Suri published his theory in December 2004, while in hiding in Pakistan and soon before he was captured by American troops and handed over to the Assad regime under Washington’s rendition program. (His present whereabouts are unknown.) It became widely available — I translated some excerpts of his writings in my 2008 book “Beyond Terror and Martyrdom” — but was deemed irrelevant by many analysts, who were announcing that Al Qaeda’s difficulties meant the end of jihadism and then foresaw in the Arab Spring of 2011 the advent of Western-style democracy in the Middle East.

In fact, the chaos resulting from these events — notably unrest in Syria, Suri’s homeland — created the material conditions for the implementation of Suri’s theory. The third generation of jihad now has a battlefield: The territory in Iraq and Syria under the control of the Salafist group known as the Islamic State is just a few hours and a low-cost flight away from Paris, Brussels or London, and the would-be jihadists who travel there to fight can then readily be sent back to their native countries in Europe. That experience perfects the indoctrination many have undergone through social media, including a kind of religious phishing that bypasses recruiting in radical mosques, which are often under police surveillance.

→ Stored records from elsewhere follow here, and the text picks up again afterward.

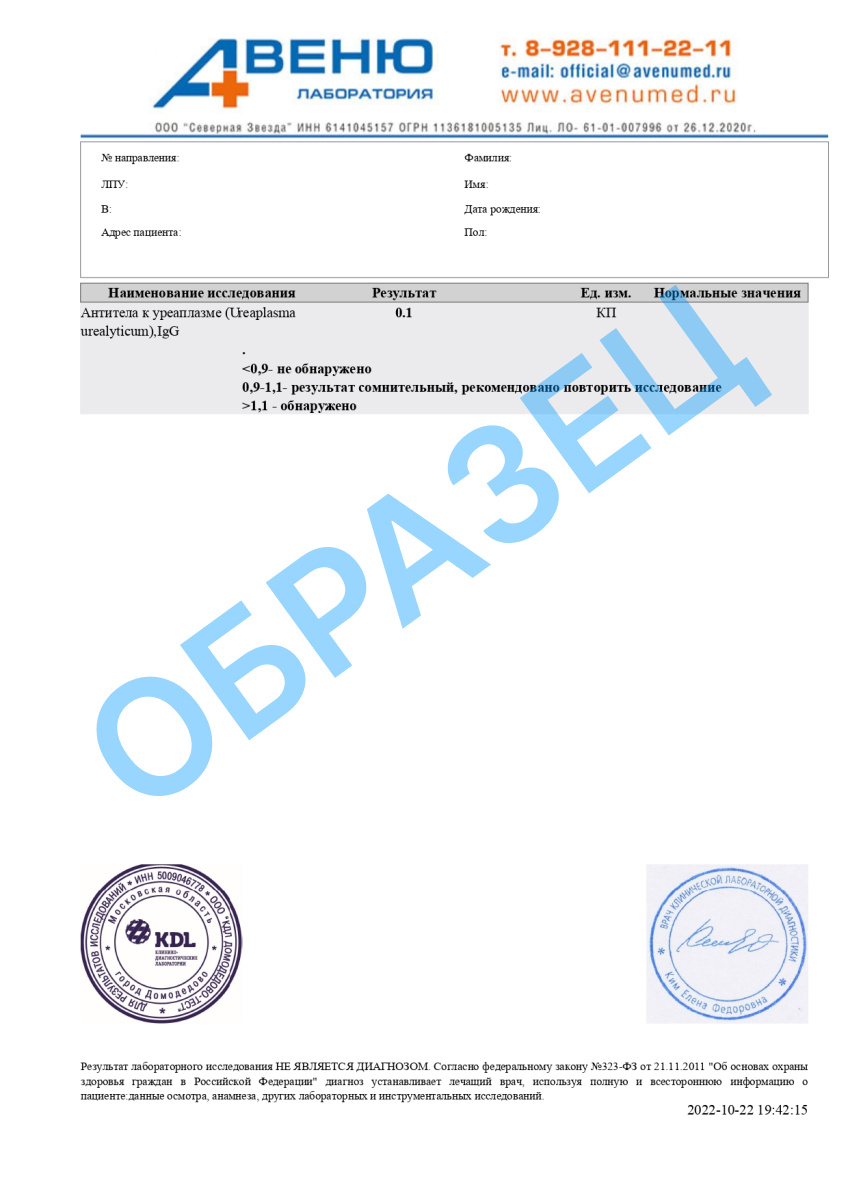 Антитела к уреаплазме (Ureaplasma urealyticum), IgG, полуколичественно
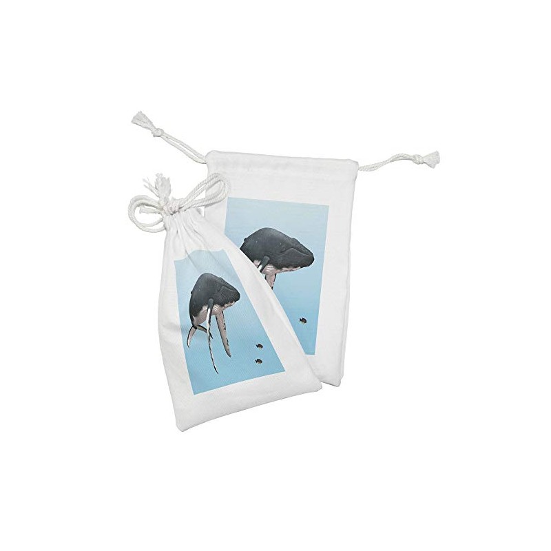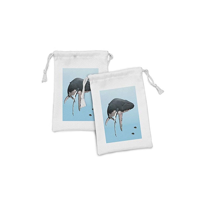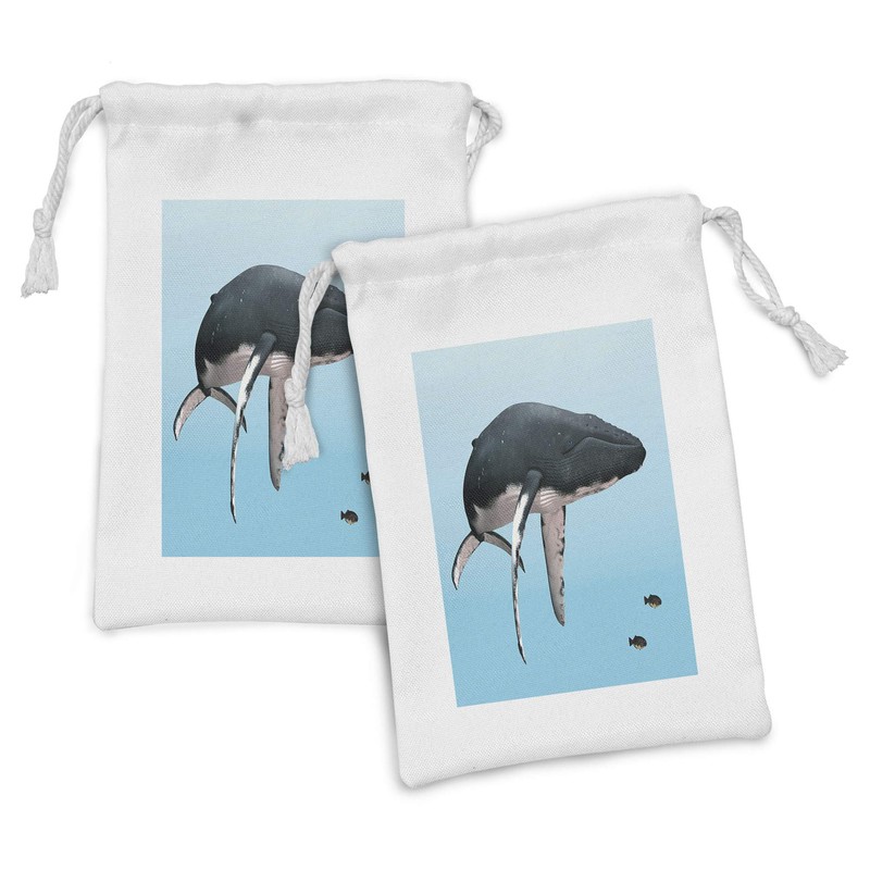 Lunarable Whale Fabric Pouch Set of 2, Giant Humpback Whale Swimming with Little Fishes Marine Aquatic Scenery, Small Drawstring Bag for Toiletries Masks and Favors, 9" x 6", Dark Blue Grey Pale Blue
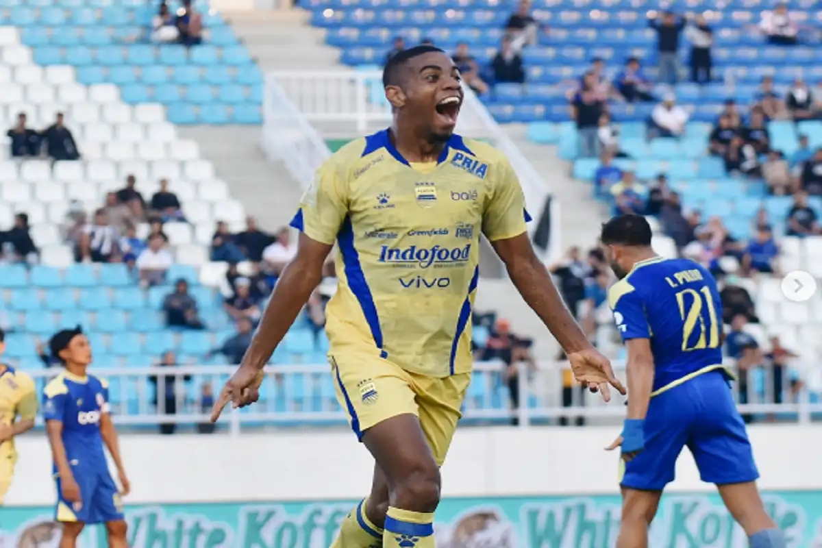 Liputanindo.id – Penyerang Persib Bandung, Uilliam Baros, melakukan selebrasi seusai menjebol gawang Arema FC di Stadion Kanjuruhan, Senin (22/9/2025). Persib menang dalam laga melawan Arema dengan skor 2-1. (Instagram/persib)
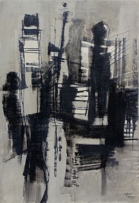 AFRO Basaldella (Udine 1912 - Zurigo 1976) Senza titolo, 1953 tecnica mista su carta intelata, cm. 98.5 x 65 Firma, data 'Afro, 1953' (in basso a destra) Provenienza: Collezione privata, Lodi
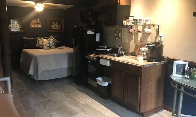 This Suite is cute, cute, cute... but still manly! It is set-up to inspire your sea legs and make you feel like the Captain of your own ship. This room surrounds you with authentic nautical decor, and a deep midnight blue bedroom with Plush queen size bed and its own flat screen TV which is great for day sleepers. You will feel like you are sleeping under the stars. The Living room area has a big comfy day bed/couch for relaxing and reading or watching the 2nd flat screen TV. The Kitchenette is stocked with pans, dishes, and utensils and includes a Keurig Coffee Maker. Your private bathroom has a large 2 person shower, plush towels and hand made soap.

Yet the apparent strength of this 3-G jihad belies its very weakness. Every day, its supporters post online thousands of revealing messages and videos, giving away much more useful information about themselves than was known about Al Qaeda after 9/11. Their freedom of action has encouraged acts of extreme cruelty, which risks provoking a backlash (consider, for example, the Jordanian government’s reaction to the execution of one of its pilots) and alienating potential recruits.

By gathering en masse throughout France on Jan. 11, several million French people reasserted the cornerstone values of the republic, including both secularism and Muslims’ rightful place in French society. Both an act of defiance and a gesture to ward off interconfessional strife — the trap laid out by Suri — the rally was a harbinger that this third generation of jihadism may fare no better than its predecessors.

Gilles Kepel is a professor of political science at Sciences Po and the author, most recently, of Passion Française. This essay was translated by The New York Times from the French.